Она тоже засмеялась, чуть слышно, горько.
– Это – по привычке.
– Довольно странная привычка, – сказал Сомс тоже с горечью. – Закройте окно!
Она закрыла и снова села в кресло. В ней появилась какая-то сила, в этой женщине – в этой… его жене! Вот она сидит здесь, словно одетая броней, и он чувствует, как эта сила исходит от неё. И как-то почти бессознательно он встал и подошёл ближе, – ему хотелось видеть выражение её лица. Её глаза не опустились и встретили его взгляд. Боже! Какие они ясные и какие темно-темно-карие на этой белой коже, под этими волосами цвета» жжёного янтаря! И какие белые плечи! Вот странное чувство! Ведь он должен был бы ненавидеть её!
– Лучше было бы всё-таки не скрывать от меня, – сказал он. – В ваших же интересах быть свободной не меньше, чем в моих. А та старая история уж слишком стара.
– Я уже сказала вам.
– Вы хотите сказать, что у вас ничего не было – никого?
– Никого. Поищите в вашей собственной жизни.
Уязвлённый этой репликой. Сомс сделал несколько шагов по комнате к роялю и обратно к камину и стал ходить взад и вперёд, как бывало в прежние дни в их гостиной, когда ему становилось невмоготу.
– Нет, это не годится, – сказал он. Вы меня бросили. Простая справедливость требует, чтобы вы…
Он увидел, как она пожала этими своими белыми плечами» услышал, как она прошептала:
– Да. Так почему же вы не развелись со мной тогда? Не все ли мне было равно?
Он остановился и внимательно, с каким-то любопытством посмотрел на неё. Что она делает на белом свете, если она правда живёт совершенно одна? А почему он не развёлся с ней? Прежнее чувство, что она никогда не понимала его, никогда не отдавала ему должного, охватило его, пока он стоял и смотрел на неё.

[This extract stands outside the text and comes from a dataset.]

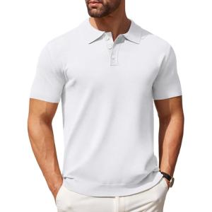 COOFANDY Mens Knit Polo Shirts Casual Short Sleeve Button Down Polo Shirt Classic Golf Shirts(White)

– Почему вы не могли быть мне хорошей женой?
– Да, это было преступлением выйти за вас замуж. Я поплатилась за это. Вы, может быть, найдёте какой-нибудь выход. Можете не щадить моего имени, мне нечего терять А теперь, я думаю, вам лучше уйти.
Чувство, что он потерпел поражение, что у него отняли все его оправдания, и ещё что-то, но что, он и сам не мог себе объяснить, пронзило Сомса, словно дыхание холодного тумана – Машинально он потянулся и взял с камина маленькую фарфоровую вазочку, повертел её и сказал:
– Лоустофт. Где это вы достали? Я купил такую же под пару этой у Джобсона.
И, охваченный внезапными воспоминаниями о том, как много лет назад он и она вместе покупали фарфор, он стоял и смотрел на вазочку, словно в ней заключалось все его прошлое. Её голос вывел его из забытья.
– Возьмите её. Она мне не нужна.
Сомс поставил её обратно на полку.
– Вы позволите пожать вам руку? – сказал он.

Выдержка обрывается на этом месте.